#### ENTRIES PROVIDED:
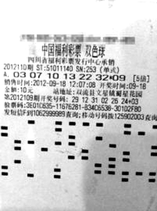 2012110期中出3018万元大奖的彩票
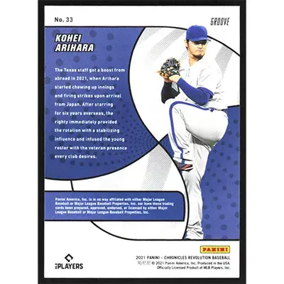 This is a 2021 Panini Chronicles Revolution Groove Kohei Arihara baseball card. The card is #33 and pictures show condition. Team(s): Texas Rangers Rookie Card (RC)
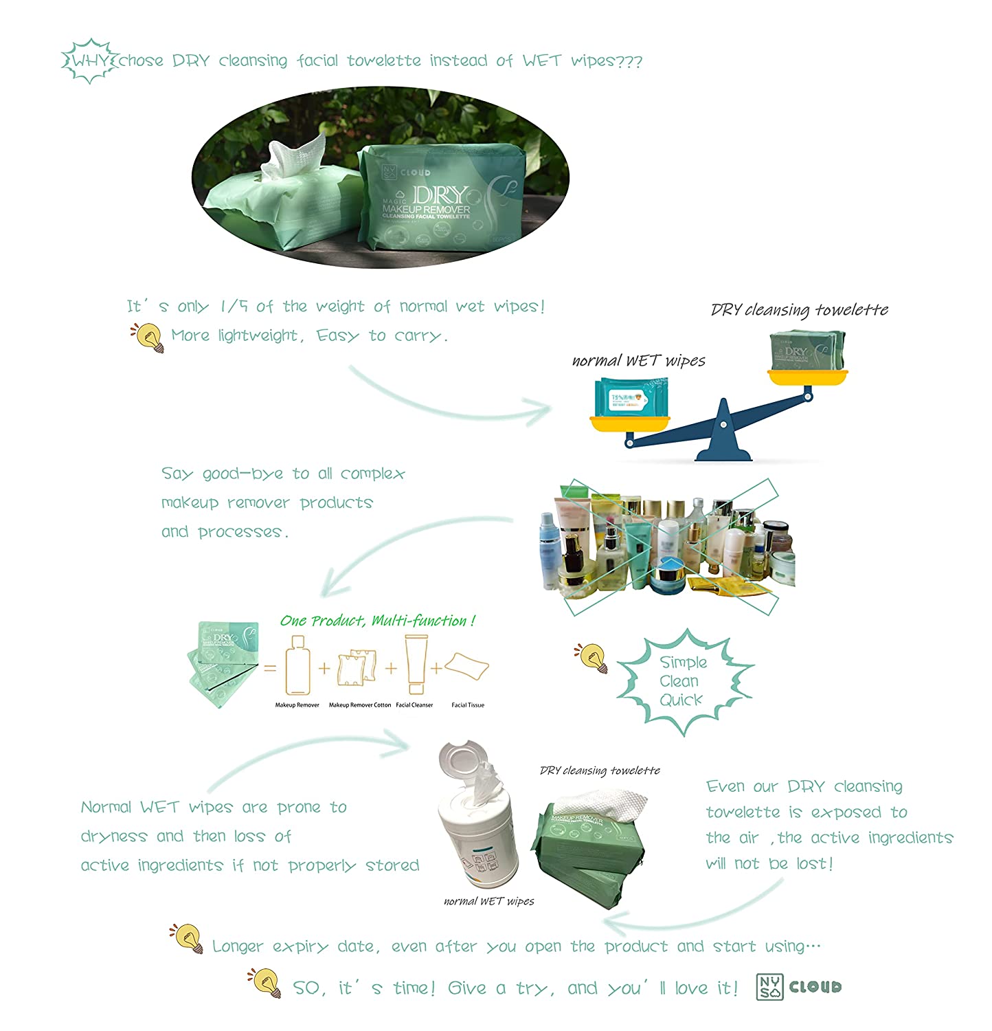 MAGIC dry style makeup removal face cloth, become makeup remover wipes in seconds with a little water. Say goodbye to those complex makeup removal processes, start this more convenient and simple way for makeup remover everyday. *Save your time*
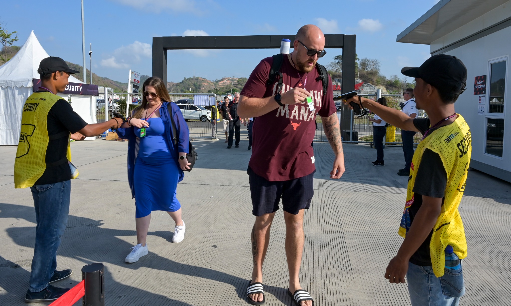 Petugas memindai QR Code anggota tim pembalap yang akan memasuki paddock menjelang balapan hari pert ama MotoGP Mandalika 2023 di Pertamina Mandalika International Street Circuit di KEK Mandalika, Lombok Tengah, NTB, Jumat (13/10/2023). Antara Foto/Ahmad Subaidi Menyerap Tenaga Kerja
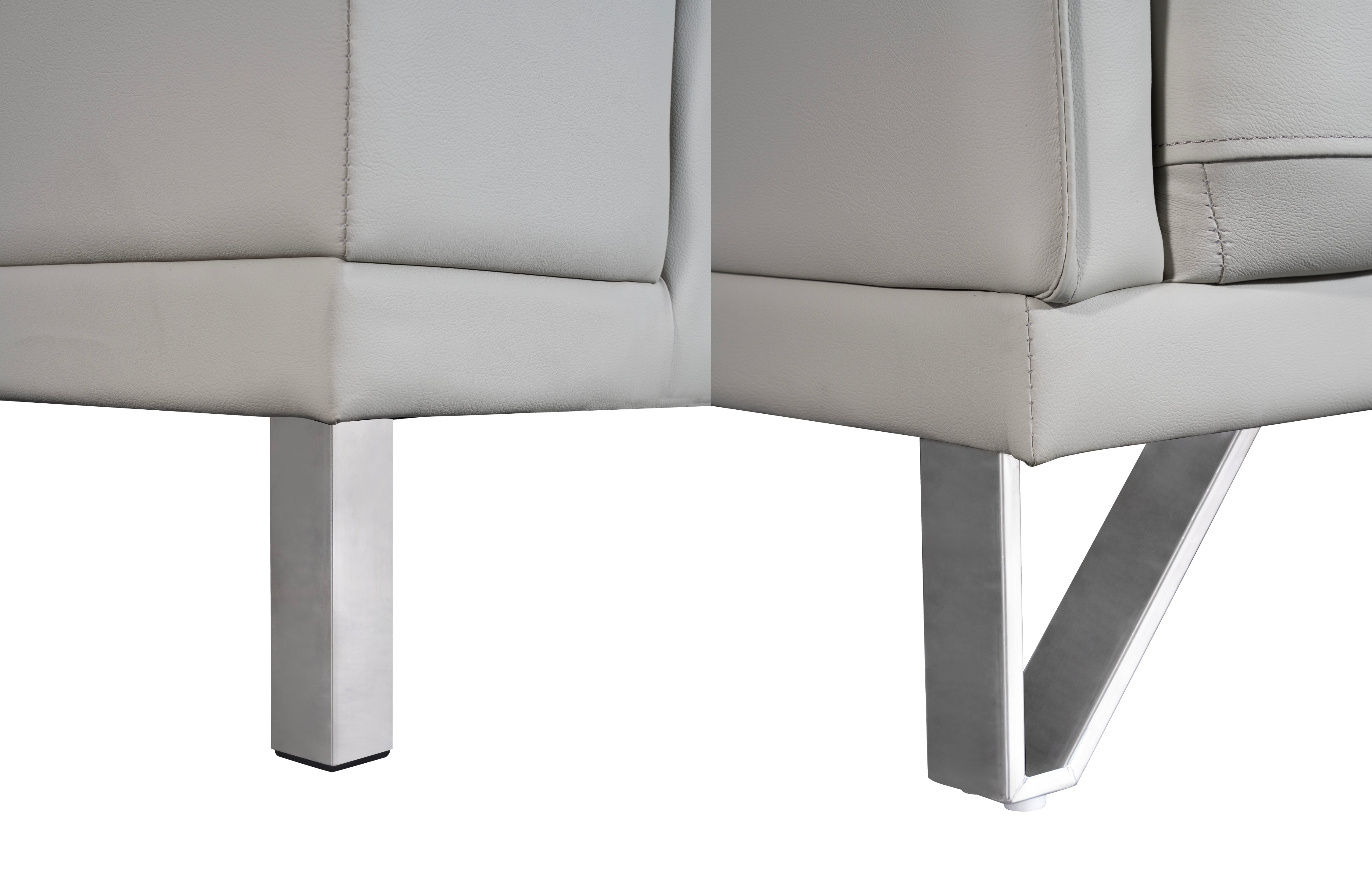 Close-up of Lawson light grey sofa legs featuring sleek stainless steel supports and modern geometric design.
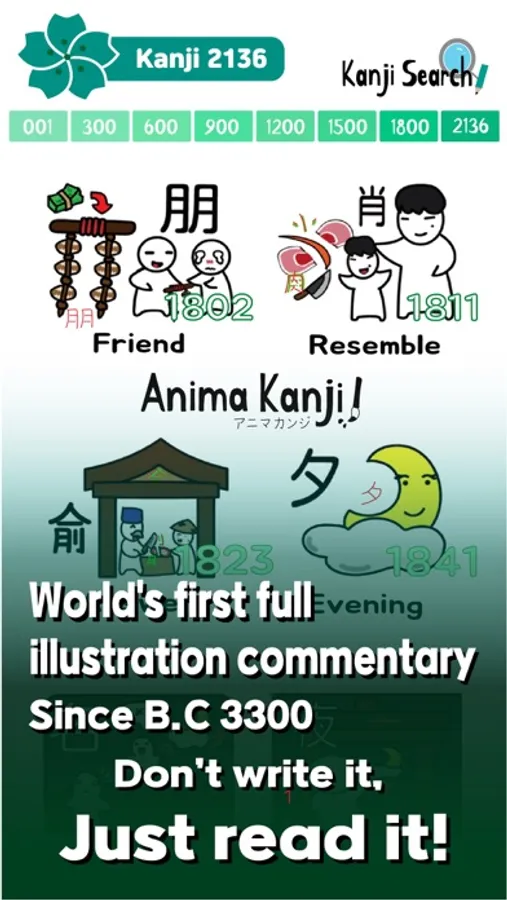 a. Since 3300 B.C, Anima Kanji is the first to explain all kanji characters in pictures and put them together in a unified system!
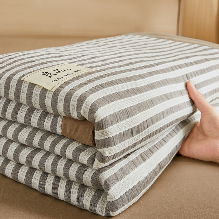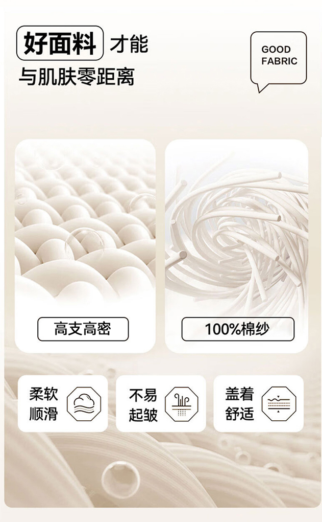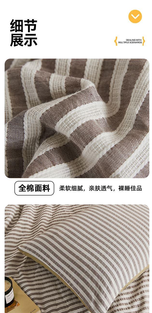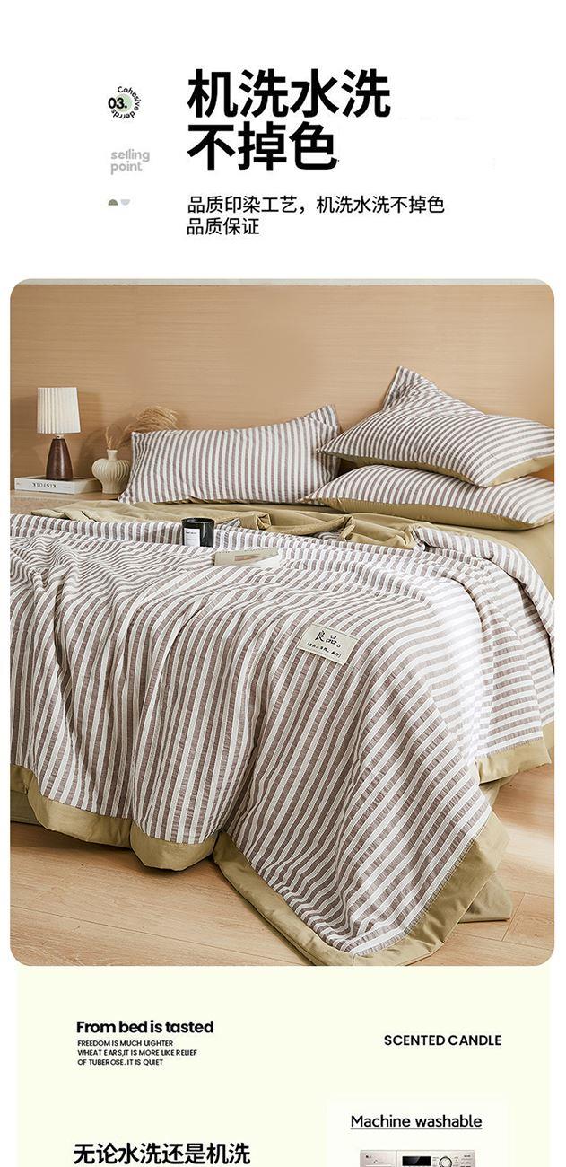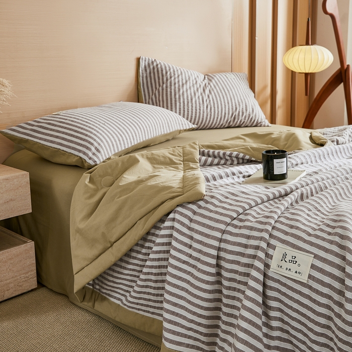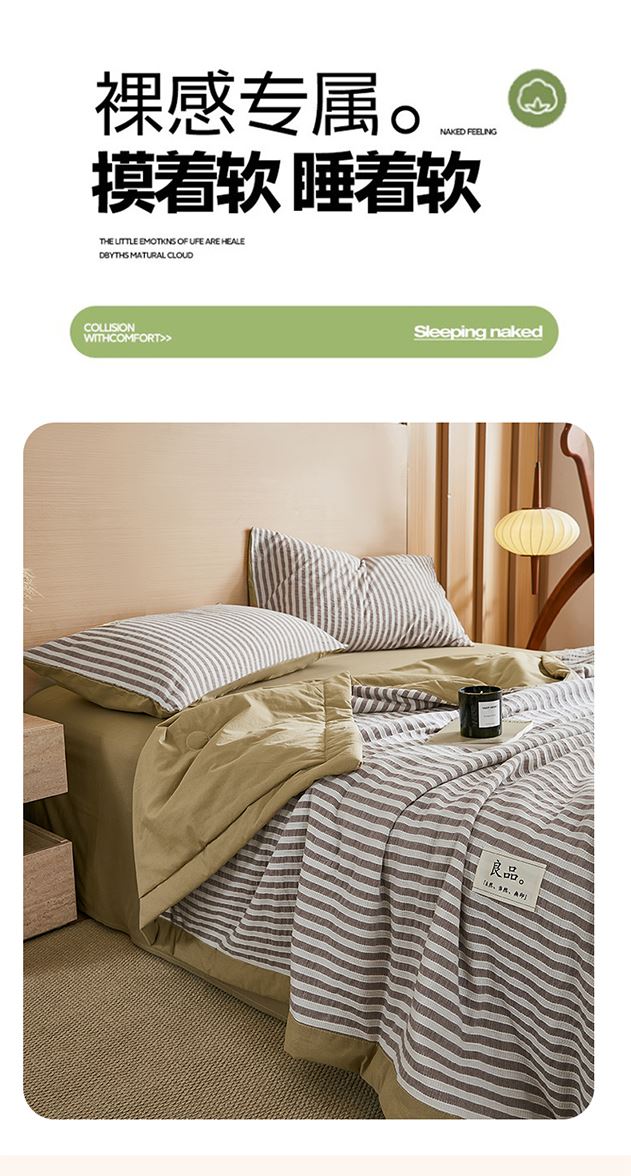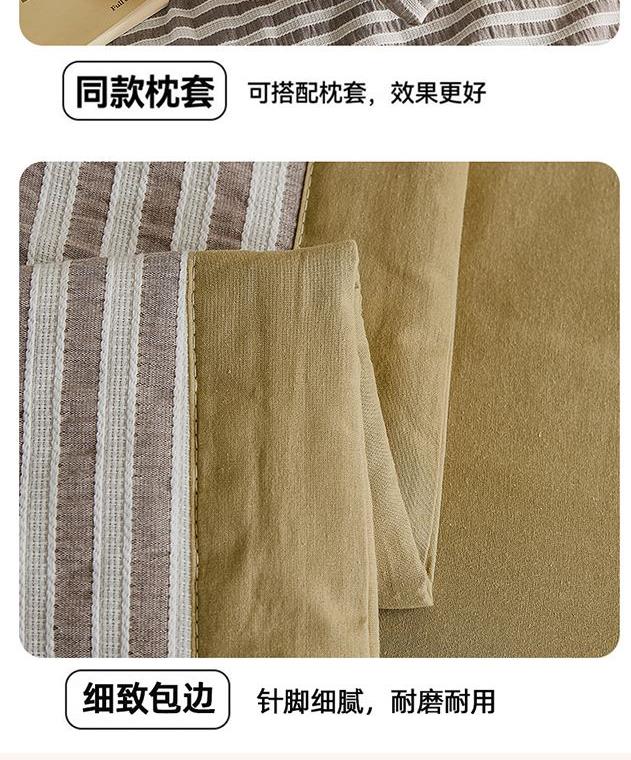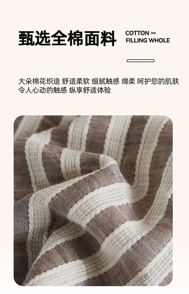 尺寸:200*230cm 面料:全棉 填充:10%大豆纤维+90%羽丝棉 填充克重:1200g 执行标准:GB/T22796-2021 安全类别:GB18401-2010 B类 1.用传统色织水洗工艺,保留全棉天然呼吸感的同时,赋予面料旧时光般的温柔触感。经纬纱线先染后织,呈现出朦胧复古的混色效果,比普通印花面料更具立体层次感。经过高温水洗处理,触感如轻抚微皱的宣纸般柔韧亲肤,越洗越显柔软随性。
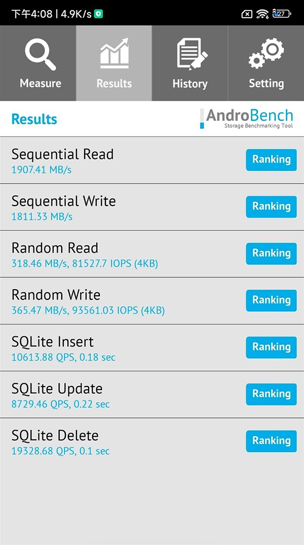 最后是Androbench存儲測試,順序讀取速度達到1907.41MB/s,順序寫入速度達1811.33MB/s,隨機讀取速度達318.46MB/s,隨機寫入速度達到365.47MB/s,符合UFS 3.1的水準。
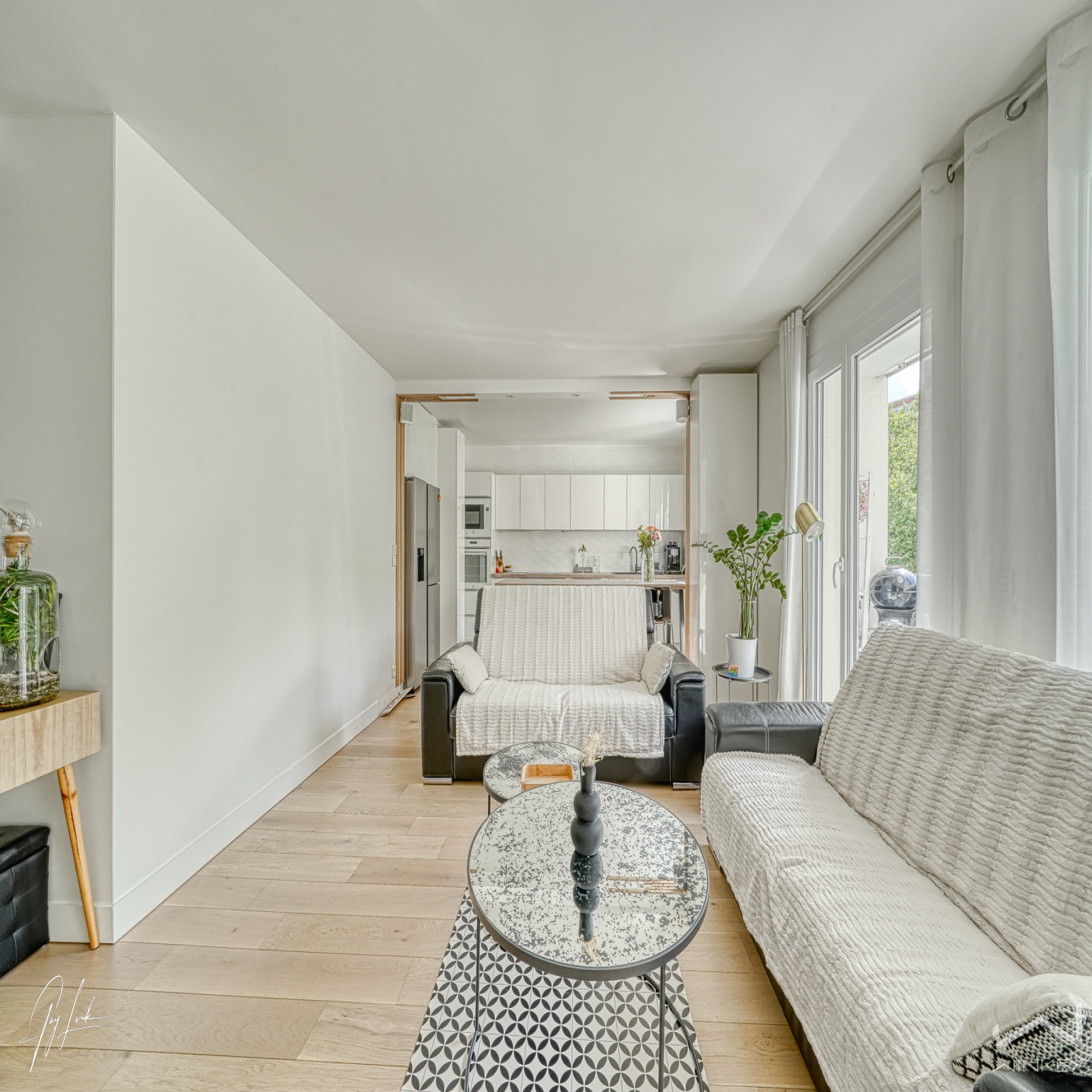 Vaste séjour de 38 m² exposé sud-est avec cuisine ouverte équipée, donnant sur un balcon agréable.

#### PROBLEM:
Only the lines from the line that contains "Close-up of Lawson" through the end of the entries are to be written out, exactly and without pictures, both ends included.

#### RESULT OF THIS TASK:
 Close-up of Lawson light grey sofa legs featuring sleek stainless steel supports and modern geometric design.
 a. Since 3300 B.C, Anima Kanji is the first to explain all kanji characters in pictures and put them together in a unified system!
 尺寸:200*230cm 面料:全棉 填充:10%大豆纤维+90%羽丝棉 填充克重:1200g 执行标准:GB/T22796-2021 安全类别:GB18401-2010 B类 1.用传统色织水洗工艺,保留全棉天然呼吸感的同时,赋予面料旧时光般的温柔触感。经纬纱线先染后织,呈现出朦胧复古的混色效果,比普通印花面料更具立体层次感。经过高温水洗处理,触感如轻抚微皱的宣纸般柔韧亲肤,越洗越显柔软随性。
 最后是Androbench存儲測試,順序讀取速度達到1907.41MB/s,順序寫入速度達1811.33MB/s,隨機讀取速度達318.46MB/s,隨機寫入速度達到365.47MB/s,符合UFS 3.1的水準。
 Vaste séjour de 38 m² exposé sud-est avec cuisine ouverte équipée, donnant sur un balcon agréable.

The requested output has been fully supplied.